If you caught the BBC Three programme The Roadkill Chef a fortnight ago then you might be familiar with the idea of taking the 'murder' out of meals.
However, if you are anything like me, then you wouldn't have watched it for moral reasons, but out of the morbid hope for drama. There was a heart-wrenching scene when the roadkill chef Fergus Drennan stood by a recently killed badger. Crouching down, a single tear in his eyes, he nudged the little pulverised chap, and told how badgers bury, and often wail for, their dead. It was a beautiful moment, I have to admit, for the badger, in one last throw of the dice, to rear its head and plant a TB-laden bite on Fergus's hand. What would he have done? Meekly prise its jaws from his hand and nurse it to health or finish it off with the car jack? In fact, what actually happened, was he popped him straight into his pot.
Anyway, my point is actually in relation to Fifteen Restaurant, where wayward youths are given the chance to turn their lives around. But not in the eyes of everyone. After a booked customer discovered that a chef at Fifteen had been found guilty on an assault charge, he was in contact to immediately cancel his booking, citing his abhorrence to the notion that a man convicted of assault should cook his meal.

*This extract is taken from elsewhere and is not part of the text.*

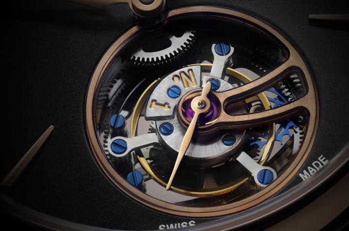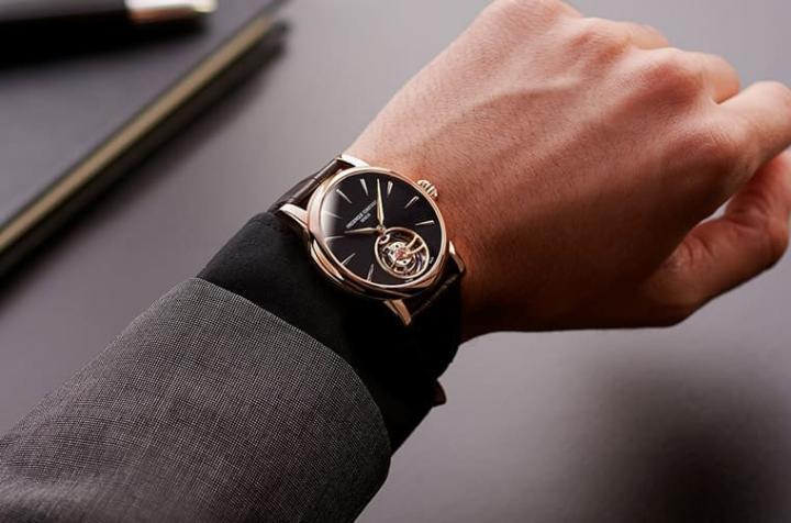 表款搭配棕色鳄鱼皮表带以及黑色面盘烘托玫瑰金材质的贵气,包括指针与时标等也同为玫瑰金色,黑色面盘以太阳放射纹处理可以反射出多变的光芒,而这次乍见手表的陀飞轮装置时,会让人感到手表似乎变俐落了,之所以会有一种惊喜感是因为过去搭载FC-980机芯的陀飞轮手表,其陀飞轮框架会固定在一枚延伸至面盘的桥板上,使得面盘右下角额外多出一块银色的机芯零件,其与陀飞轮的圆形框架刚好组成一个类似逗号的造型,看起来格外有特色。
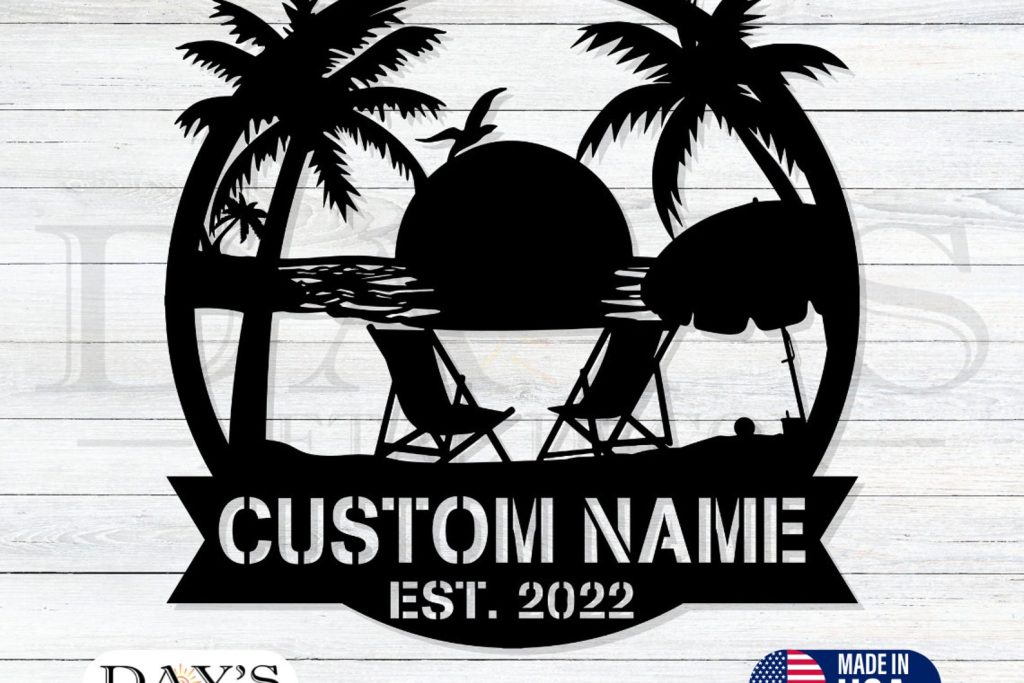 Be the first to review “Tropical Themed Personalized Metal Sign – Beach House Decor, Backyard Sign”

I have to admit I don't follow his logic. I'd like to know whether the protest was (a) for moral reasons, and the customer was appalled at the idea of a second chance. Or (b) for animal rights reasons, and if he ordered a steak he assumed that, once a thug then always a thug, the chef would beat the cow to death with his own hands. Or (c) whether he had in his mind the notion of a Victorian-esque career-criminal, when some people were, apparently, just plain evil. Did he envisage the ex-con standing over a cauldron, probably wearing a cape and tall top-hat, dripping arsenic into the cream of broccoli soup? I just don't know.
Give him a break. Everyone deserves a second chance. Even badgers.